Fuji supplies a raw file converter with an engine based on SilkyPix, a japanese raw processing studio that makes very little sense to me. The translations are really bad, and the interface is confusing. But Fuji worked with SilkyPix up to the release of the X-Pro1 so that it would be able to process the raw files, and is generally considered the reference raw processor for this camera.

It’s much more difficult to use than Lightroom. I wouldn’t want this converter to be my permanent solution, but it works. I processed the same photo using the Fuji converter and tried to duplicate most of the processing settings from my original work to get a similar look. I didn’t spend much time matching them perfectly, but the comparison is telling. Adobe’s processor (shown above) is failing to retain fine detail and introducing false colors.

Full size crop of rocks from SilkyPix

The results are easier to see at higher magnifications. Here are 2x crops from Lightroom, SilkyPix, and out of the camera, in that order.

2x from Adobe 2x from SilkyPix 2x from camera

So, as discussed, Lightroom really struggles here. The result is smooth but it definitely does not look realistic. The SilkyPix conversion on the other hand looks like actual rocks. It also clearly resolves more detail from the same input data. But the software is a pain to use.

This gives me hope though, because turning a raw file into an image is basically a math problem. If one developer can solve that problem then so can another. But it does mean that right now Lightroom is basically useless for the camera I just ordered. And that’s really too bad.

For now the plan is to keep using Lightroom, but only for basic photo management. I’ll shoot raw+jpeg, and use the jpegs for most things. I’ll process individual raw files in the SilkyPix converter when I need to get the most out of the data, but otherwise mostly just hold onto the raw files in the hope of some future Lightroom update where they fix the processing problem.

It’s definitely not ideal, and I wonder if I’m just getting myself into trouble by not choosing a more conventional camera.

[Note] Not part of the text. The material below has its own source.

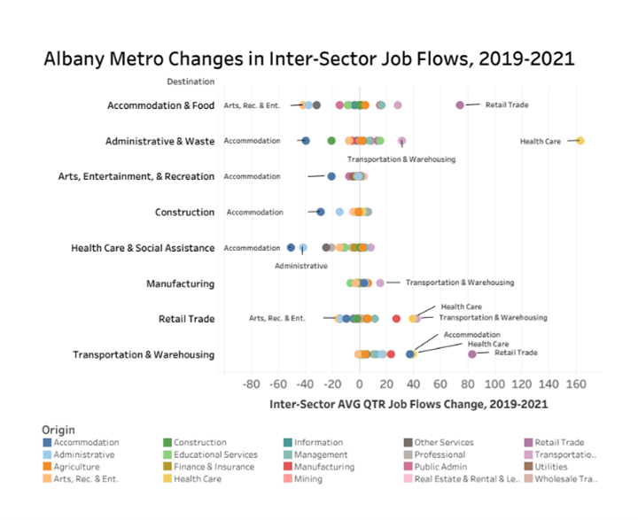 In 2021, several sectors in the Albany-Schenectady-Troy metropolitan statical area each quarter attracted far fewer workers who previously worked in accommodation and food services, when compared to the pre-pandemic period of 2019. For example, each quarter, the healthcare and social assistance sector averaged 51 fewer job flows from the accommodation and food services sector, followed by administrative and waste services (-40) and construction (-29). These are inter-sector job flows from anywhere in the country to the Albany metro area.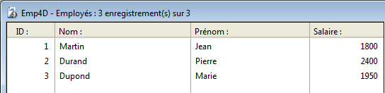 Cliquez sur le bouton Tables, laissez 4D créer les formulaires par défaut et créez quelques employés :

But find me a more conventional camera this size, with lenses this good, actual traditional controls, and image quality this high for a price like this1.

Adobe, I need your help. Bribe Fuji if you have to. Charge me for an update. Buy SilkyPix and steal their processing engine. Just get this working.

— Steve


  1. I did get a picture of the same rock face from a similar position with my older Olympus E-410 and an equivalent focal length lens. I was a little farther away, but it definitely resolves less detail than the newer Fuji, and has more noise.